Now, over the last few months, the plot has taken a slight detour. Coming to NYU Abu Dhabi has been something of a rebirth, as an only child. I’m steadily crawling out of my twin’s shadow that so far has inflicted me with dependence. Little did I know I’d find myself in a breeding ground of game changers, at the center of a storming revolution, where no one fails and everyone succeeds. I belong to this melting pot of cultures that stretches the horizons of thought, broadening the domain of knowledge I’d previously known. What unites a multitude of perspectives on this new planet I’ve stepped onto is the cry of the falcon, the cry that instigates diligence and innovation.

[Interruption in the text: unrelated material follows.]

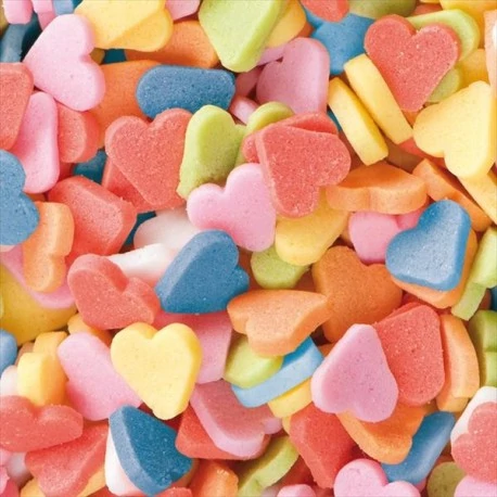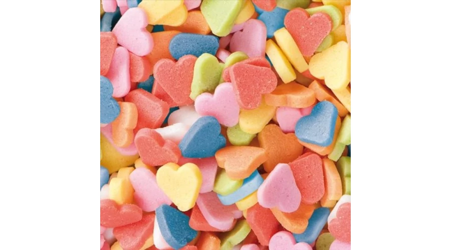 Apró confetti szívecskék, többféle színben, torták, sütemények tetejére ajánljuk díszítésként.

Where do I pigeonhole myself among this bunch of prodigies? Diligence and innovation are far shots with my go-to person not in sight. More recently, people have been asking me why my twin didn’t apply to NYUAD with me. As daunting as it was for me, we decided that we’d go to the college that fits us as individuals and serves the purpose of nurturing us for what we want to do with our lives, independently of each other. If that meant physical separation, so be it.
Either way, falling into this legacy of intellectual spirit without my counterpart is as much an honor as it is a heavy weight. But weights don’t always let you down; they’re meant to make you stronger. I feel like I’ve just about found the spark I’d been chasing for all this time. No man is less than the other. No matter what our physical components are, we’re vastly different clouds that all share a silver lining. Finally, the chromosomes of fear and reliance on my better half that had been perennially infecting my being have slowly and gradually started to dismantle themselves into eclectic particles. I do miss his presence, but I also embrace the absence. I’ve eventually come to realize that in trying to catch up with my twin, I was breaking through the fetters I had put on myself. The mere fact that I don’t have him around bothers me. And yet it gives me a new identity, fueling my courage each time I’m faced by a steeper hurdle.
In that regard, I feel destiny was deceivingly meritorious in sending us to different regions. I find it funny how self-reliance, my greatest trepidation, empowered me to pop the secluded bubble I’d been living in. No more, it said, no more. With the warmth from the light surging through my body, I found the ignition and saw the world as being so much bigger and fuller. I’m setting out to explore now, and I’m sure I’ll stumble along the way, learning a new lesson each time I fall. College so far has been awkwardly engaging in the sense that the more I explore, the more I know how little I knew. As I write this, I recall the clichéd yet righteous adage: everything happens for a reason. After all, if Jerry wasn’t the cunning little creature he is, Tom would have only been a lousy grey cat. Likewise, if it weren’t for the fate that separated us, I would’ve still been hiding in the gloomy shadow of my brother.